- WHAT IS BEING ASKED
Copy the lines from the start of the records below through the line containing "Victor Diacono (1915-2009), Men", both included, and leave out the pictures.

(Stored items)
————————
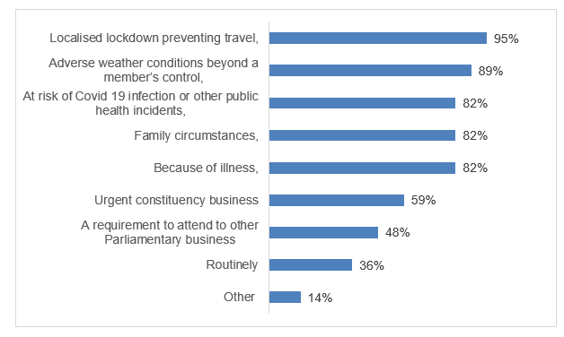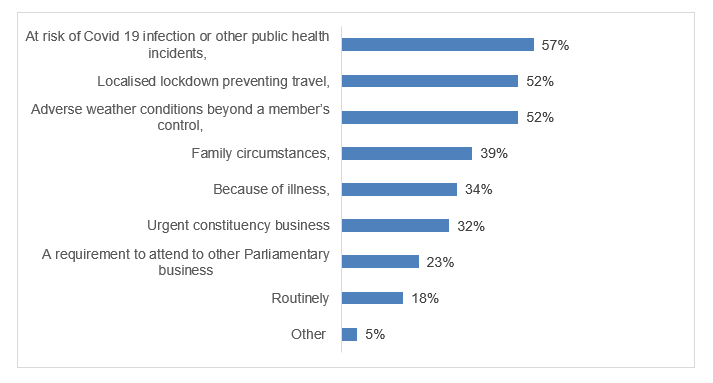 1. Proxy voting has been used in a number of legislatures, particularly to assist elected members who are unable to attend the plenary chambers. Dr Hannah White told the Committee that the UK Government had initially proposed that the pairing system be used in the House of Commons, but this was rejected by MPs as unsatisfactory. In-person voting then became untenable for health and safety reasons due to the queuing involved. The UK Government therefore introduced a proxy-voting system, initially only for those who could not vote for health reasons, but which was later extended. By January 2021, 580 out of a total of 639 MPs who take part in divisions did so by means of a proxy. The Government Deputy Chief Whip held more than 300 proxy votes and his Opposition equivalent held more than 170 votes.i In relation to the initial move to proxy voting, Dr Hannah White observed:
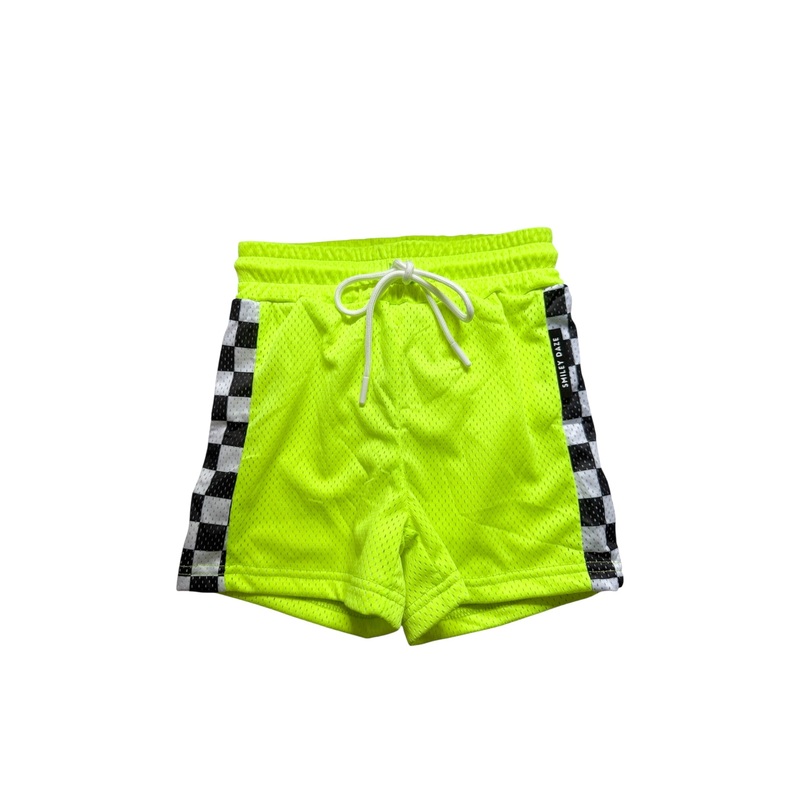 Green means go and these mesh shorts are built for nonstop play. Featuring bold neon fabric with black and white checkered side panels, these breathable mesh shorts bring all the street vibes with max comfort. The elastic waistband and adjustable drawstring give the perfect fit for your little mover.
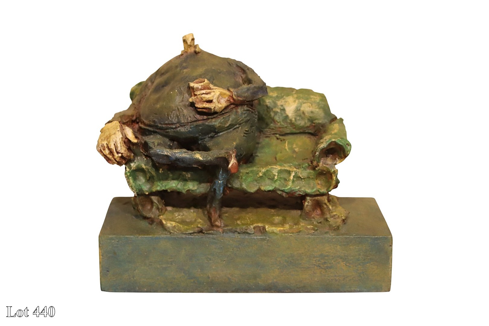 Victor Diacono (1915-2009), Men on Sofa, terracotta, signed. ( Width:36 Height:30 Depth:15)
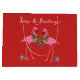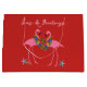 Navidades de flamencos de "mares y saludos" tropical bolso de regalo de papel de gran tamaño. Color rojo de vacaciones con pájaros rosados usando coronas festivas y parados entre estrellas de mar. La pareja flamingo está impresa en ambos lados sobre un sólido color rojo feriado.
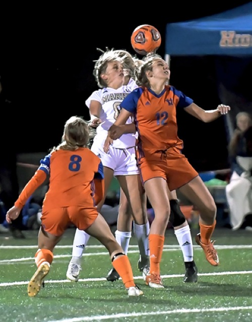 Photo by JOEL TAKARSH/for The Daily Courier, PIC #1751 (L to R) HV #8, MRST #8, HV #12 Lady Mustangs go to State Finals!
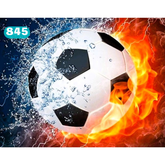 Piłka nożna, klasycznie biało-czarna, jest umieszczona w samym centrum obrazu. To jednak nie jest zwykły obraz piłki – cała scena jest otoczona żywymi elementami natury, które dodają obrazowi intensywności i mocy. Z jednej strony piłka jest otoczona wodą, której krople rozpryskują się w dynamiczny sposób, jakby piłka właśnie wpadła do wody. Z drugiej strony płonie ona w ogniu, który otacza ją żywymi płomieniami, podkreślającym gorącą pasję i energię, jaką niesie za sobą piłka nożna.
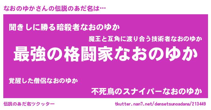 | 男性向けラノベタイトル風あだ名 | 『なおのゆか~年齢イコール彼女いない歴の魔法使い~』 |
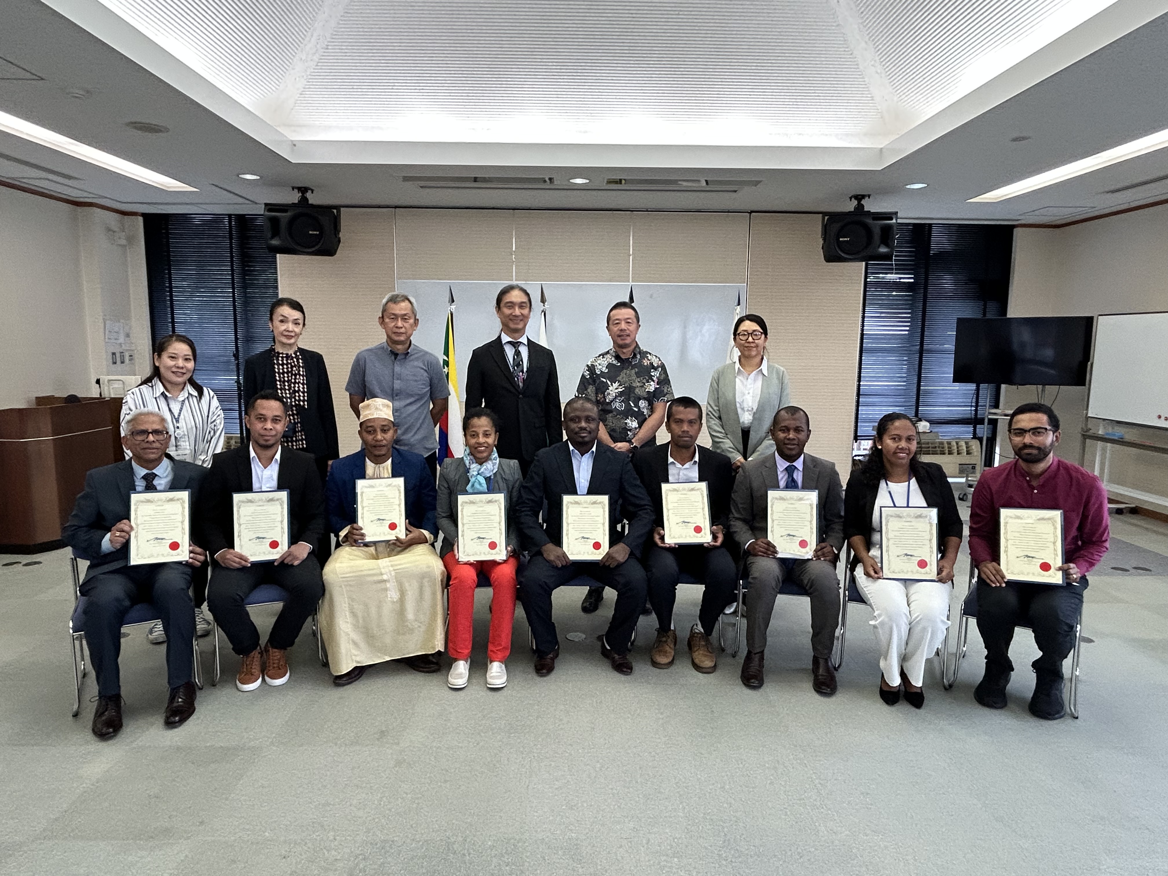 国別研修「西インド洋地域ブルーエコノミー推進人材育成」コースの閉講式が11月28日に行われ、マダガスカル、コモロ、モーリシャスからの研修員9名が無事にコースを修了しました。
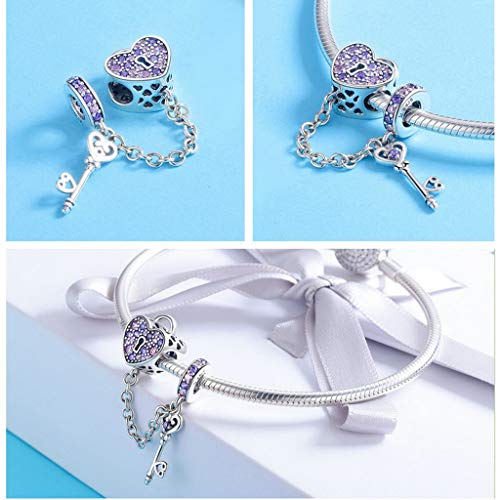PAHALA 925 Strling Silver Crystals Key of Heart Love Lock Safety Chain Pendant Charms Beads
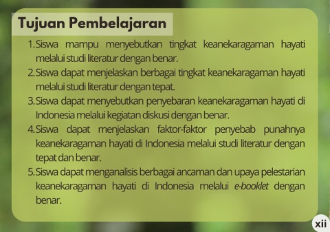 2. Siswa dapat menjelaskan berbagai tingkat keanekaragaman hayati
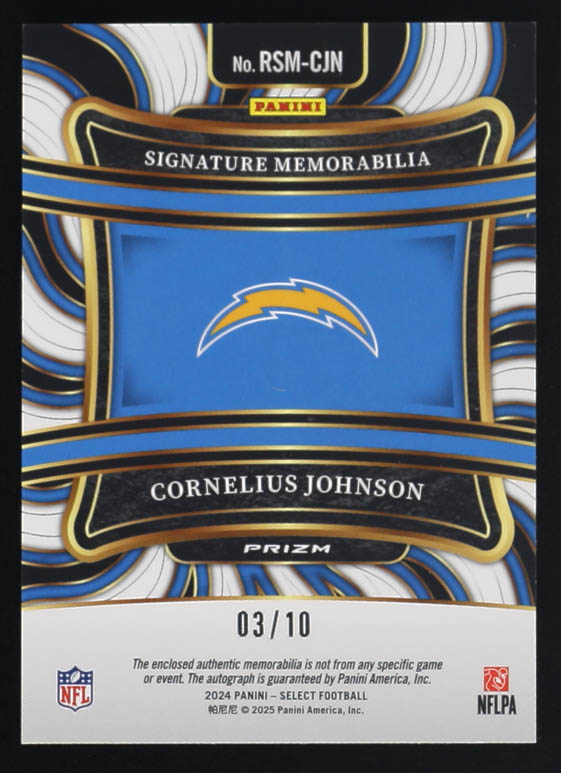 Cornelius Johnson 2024 Select Rookie Signature Memorabilia Prizm Gold Disco #33 #03/10 RC
————————
- YOUR SOLUTION
 1. Proxy voting has been used in a number of legislatures, particularly to assist elected members who are unable to attend the plenary chambers. Dr Hannah White told the Committee that the UK Government had initially proposed that the pairing system be used in the House of Commons, but this was rejected by MPs as unsatisfactory. In-person voting then became untenable for health and safety reasons due to the queuing involved. The UK Government therefore introduced a proxy-voting system, initially only for those who could not vote for health reasons, but which was later extended. By January 2021, 580 out of a total of 639 MPs who take part in divisions did so by means of a proxy. The Government Deputy Chief Whip held more than 300 proxy votes and his Opposition equivalent held more than 170 votes.i In relation to the initial move to proxy voting, Dr Hannah White observed:
 Green means go and these mesh shorts are built for nonstop play. Featuring bold neon fabric with black and white checkered side panels, these breathable mesh shorts bring all the street vibes with max comfort. The elastic waistband and adjustable drawstring give the perfect fit for your little mover.
 Victor Diacono (1915-2009), Men on Sofa, terracotta, signed. ( Width:36 Height:30 Depth:15)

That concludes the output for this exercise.